= Butterworth's Annotated Legislation Service =

Butterworth's Annotated Legislation Service, formerly known as Butterworth's Emergency Legislation Service, contains annotated copies of certain Acts of the Parliament of the United Kingdom. It is published by Butterworths.

In 1982, Glanville Williams said that the Annotated Legislation Service was "useful" at the first appearance of an Act. It was not, however, regularly kept up to date by reissues or supplements.
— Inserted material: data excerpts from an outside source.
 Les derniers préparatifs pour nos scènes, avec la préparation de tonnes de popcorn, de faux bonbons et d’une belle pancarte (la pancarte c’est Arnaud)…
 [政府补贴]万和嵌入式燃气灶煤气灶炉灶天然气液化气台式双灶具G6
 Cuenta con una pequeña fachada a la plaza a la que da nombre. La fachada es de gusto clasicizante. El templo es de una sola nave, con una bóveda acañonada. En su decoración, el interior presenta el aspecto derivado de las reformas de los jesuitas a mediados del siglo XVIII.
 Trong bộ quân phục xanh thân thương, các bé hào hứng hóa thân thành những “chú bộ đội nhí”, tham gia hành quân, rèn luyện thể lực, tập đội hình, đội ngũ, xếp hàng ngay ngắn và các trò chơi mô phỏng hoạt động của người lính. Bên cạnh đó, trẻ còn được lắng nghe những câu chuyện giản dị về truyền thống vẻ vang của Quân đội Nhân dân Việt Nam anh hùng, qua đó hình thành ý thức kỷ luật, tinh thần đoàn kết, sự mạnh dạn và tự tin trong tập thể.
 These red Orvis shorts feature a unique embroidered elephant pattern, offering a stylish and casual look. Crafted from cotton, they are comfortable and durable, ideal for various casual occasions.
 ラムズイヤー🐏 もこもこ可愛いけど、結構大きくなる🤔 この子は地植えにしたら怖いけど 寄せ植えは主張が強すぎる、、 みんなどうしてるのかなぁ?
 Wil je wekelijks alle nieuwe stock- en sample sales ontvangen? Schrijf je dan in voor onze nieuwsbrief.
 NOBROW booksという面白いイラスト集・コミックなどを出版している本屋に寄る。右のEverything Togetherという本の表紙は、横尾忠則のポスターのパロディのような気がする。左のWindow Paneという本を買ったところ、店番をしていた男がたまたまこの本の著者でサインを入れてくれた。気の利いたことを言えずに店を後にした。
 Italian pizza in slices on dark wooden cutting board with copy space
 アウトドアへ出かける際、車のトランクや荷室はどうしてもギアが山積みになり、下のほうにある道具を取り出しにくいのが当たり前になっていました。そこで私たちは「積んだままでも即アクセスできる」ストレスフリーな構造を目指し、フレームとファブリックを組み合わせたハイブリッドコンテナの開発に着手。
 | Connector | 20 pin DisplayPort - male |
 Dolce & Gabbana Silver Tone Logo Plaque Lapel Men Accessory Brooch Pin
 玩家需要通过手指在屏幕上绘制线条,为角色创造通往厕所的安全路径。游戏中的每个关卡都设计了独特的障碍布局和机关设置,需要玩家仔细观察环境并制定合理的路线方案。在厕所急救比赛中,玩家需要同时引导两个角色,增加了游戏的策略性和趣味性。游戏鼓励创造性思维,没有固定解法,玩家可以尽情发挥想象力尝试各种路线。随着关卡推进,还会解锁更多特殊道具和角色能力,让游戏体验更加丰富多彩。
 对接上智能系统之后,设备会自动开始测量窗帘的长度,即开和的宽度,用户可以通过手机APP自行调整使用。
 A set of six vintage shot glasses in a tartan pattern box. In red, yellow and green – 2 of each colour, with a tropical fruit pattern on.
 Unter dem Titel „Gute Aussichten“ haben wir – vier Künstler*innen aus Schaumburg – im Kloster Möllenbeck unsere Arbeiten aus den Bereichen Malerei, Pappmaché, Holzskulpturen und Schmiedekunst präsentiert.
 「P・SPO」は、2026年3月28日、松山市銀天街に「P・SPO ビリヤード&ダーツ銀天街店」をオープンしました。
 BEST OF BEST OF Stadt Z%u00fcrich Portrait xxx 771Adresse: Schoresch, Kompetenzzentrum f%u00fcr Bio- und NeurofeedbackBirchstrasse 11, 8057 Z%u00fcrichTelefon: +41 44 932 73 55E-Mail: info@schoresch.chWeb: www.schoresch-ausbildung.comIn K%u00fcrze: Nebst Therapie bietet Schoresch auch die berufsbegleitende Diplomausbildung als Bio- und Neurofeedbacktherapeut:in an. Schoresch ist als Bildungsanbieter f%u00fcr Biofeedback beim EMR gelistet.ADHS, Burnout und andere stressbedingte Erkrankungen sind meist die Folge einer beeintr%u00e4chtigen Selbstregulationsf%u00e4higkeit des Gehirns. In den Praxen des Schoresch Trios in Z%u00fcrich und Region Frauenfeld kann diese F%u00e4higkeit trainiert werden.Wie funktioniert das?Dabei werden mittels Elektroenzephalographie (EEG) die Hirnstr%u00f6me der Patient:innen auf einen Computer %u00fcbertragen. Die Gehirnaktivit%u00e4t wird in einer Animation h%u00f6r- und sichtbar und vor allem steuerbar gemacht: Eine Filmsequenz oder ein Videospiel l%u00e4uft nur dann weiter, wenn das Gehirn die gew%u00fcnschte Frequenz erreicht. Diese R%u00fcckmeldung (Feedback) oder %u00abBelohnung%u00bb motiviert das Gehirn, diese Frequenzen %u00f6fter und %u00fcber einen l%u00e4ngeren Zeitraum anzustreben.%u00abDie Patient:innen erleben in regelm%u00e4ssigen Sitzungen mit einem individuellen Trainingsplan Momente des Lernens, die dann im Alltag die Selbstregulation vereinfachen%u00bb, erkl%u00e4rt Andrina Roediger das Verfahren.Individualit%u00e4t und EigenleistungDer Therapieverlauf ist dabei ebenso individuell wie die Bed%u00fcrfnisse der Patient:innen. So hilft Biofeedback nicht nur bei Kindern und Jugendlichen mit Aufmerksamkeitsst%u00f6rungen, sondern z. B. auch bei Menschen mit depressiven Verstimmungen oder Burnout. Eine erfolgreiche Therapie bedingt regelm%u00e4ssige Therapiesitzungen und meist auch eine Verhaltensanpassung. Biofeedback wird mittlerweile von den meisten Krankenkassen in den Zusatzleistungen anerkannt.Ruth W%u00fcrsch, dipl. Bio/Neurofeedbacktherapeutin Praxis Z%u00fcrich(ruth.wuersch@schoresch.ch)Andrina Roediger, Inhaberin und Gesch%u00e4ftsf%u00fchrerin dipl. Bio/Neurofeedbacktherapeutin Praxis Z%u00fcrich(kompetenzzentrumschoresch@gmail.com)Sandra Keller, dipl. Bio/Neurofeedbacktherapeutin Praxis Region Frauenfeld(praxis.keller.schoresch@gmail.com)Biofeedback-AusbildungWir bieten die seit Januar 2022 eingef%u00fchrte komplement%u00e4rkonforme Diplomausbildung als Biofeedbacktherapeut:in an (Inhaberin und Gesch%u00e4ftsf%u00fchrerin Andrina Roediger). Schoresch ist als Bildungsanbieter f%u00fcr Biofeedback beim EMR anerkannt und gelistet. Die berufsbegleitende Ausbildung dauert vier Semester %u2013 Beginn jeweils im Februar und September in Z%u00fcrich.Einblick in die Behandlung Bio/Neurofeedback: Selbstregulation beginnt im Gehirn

Williams said this was a "defect".

It has been said that "many" volumes of this work cover a single Act and have "very detailed" annotations.

Publication of this work began in 1939.

==Reprints==
The following are reprints of Butterworth's Annotated Legislation Service:
- The Agriculture Act, 1947, by Anthony Cripps
- Town and Country Planning Act, 1947 (1948), by Harold A Hill and Daniel Patrick Kerrigan, is a reprint of number 48.
  - A supplement was to this book was published: Supplement to Hill and Kerrigan on the Town and Country Planning Act, 1947 (1949)
- The Companies Act, 1947, by S W Magnus
- The Finance Act, 1947, by H E Amos and Frank England
- The Electricity Act, 1947, by John Cornelius Dalton
- Valuation for Compensation and Development Charges (1948), by Ronald Collier
- The Finance Act, 1948, by William Lindsay
- The National Assistance Act, 1948 (1949), by R D Steele
- The Law of Merchandise Marks, including the Merchandise Marks Act, 1953 (March 1954), by H Fletcher Moulton and P C Landon-Davies
- Transport Act, 1953, by David Karmel and Kenneth Potter
- The Iron and Steel Act 1953, by Walter Gumbel and Kenneth Potter
- The Town and Country Planning Act 1954 (1955), by Daniel Patrick Kerrigan and J D James
- The Housing Repairs and Rents Act, 1954, by S W Magnus
- The Landlord and Tenant Act, 1954, by S W Magnus
- The Food and Drugs Act 1955, by J A O'Keefe
- The Sexual Offences Act, 1956, by C Bruce Orr. Leslie Boyd was consulting editor.
- The Rent Act, 1957, by S W Magnus
- Solicitors Act 1957 (1958), by Leslie J D Bunker
- The Caravan Sites and Control of Development Act 1960, by Graham Wilson
- The Road Traffic Acts, 1960 (1960), by Robert Schless, is a reprint of number 124
- Matrimonial Proceedings Before Magistrates (1961), by Leslie M Pugh and E Roydhouse, is a reprint of number 125.
- The Rating and Valuation Act, 1961, by E Roydhouse, is a reprint of number 129.
- The Public Health Act, 1961 (1962), by Graham Wilson, is a reprint of number 130
- Housing Act 1961, by Graham Wilson
- The Charities Act, 1960 (1962), by Lord Nathan, E G Nugee and J H Lidderdale, is a reprint of number 132.
- The Offices, Shops and Railway Premises Act 1963, by Ian Fife and E Anthony Machin, is a reprint of number 138.
- London Government Act 1963, by W Eric Jackson, is a reprint of number 138A.
- The Children and Young Persons Act 1963, by Robert Schless, is a reprint of number 139.
- J P Eddy and L L Loewe.
  - The New Law of Betting and Gaming. 1961. Reprint of number 122.
  - The New Law of Betting and Gaming. 2nd Edition. Reprint of number 140.
- The Finance Act, 1975, by J Jeffrey Cook, J M Rigby and G R N Cusworth.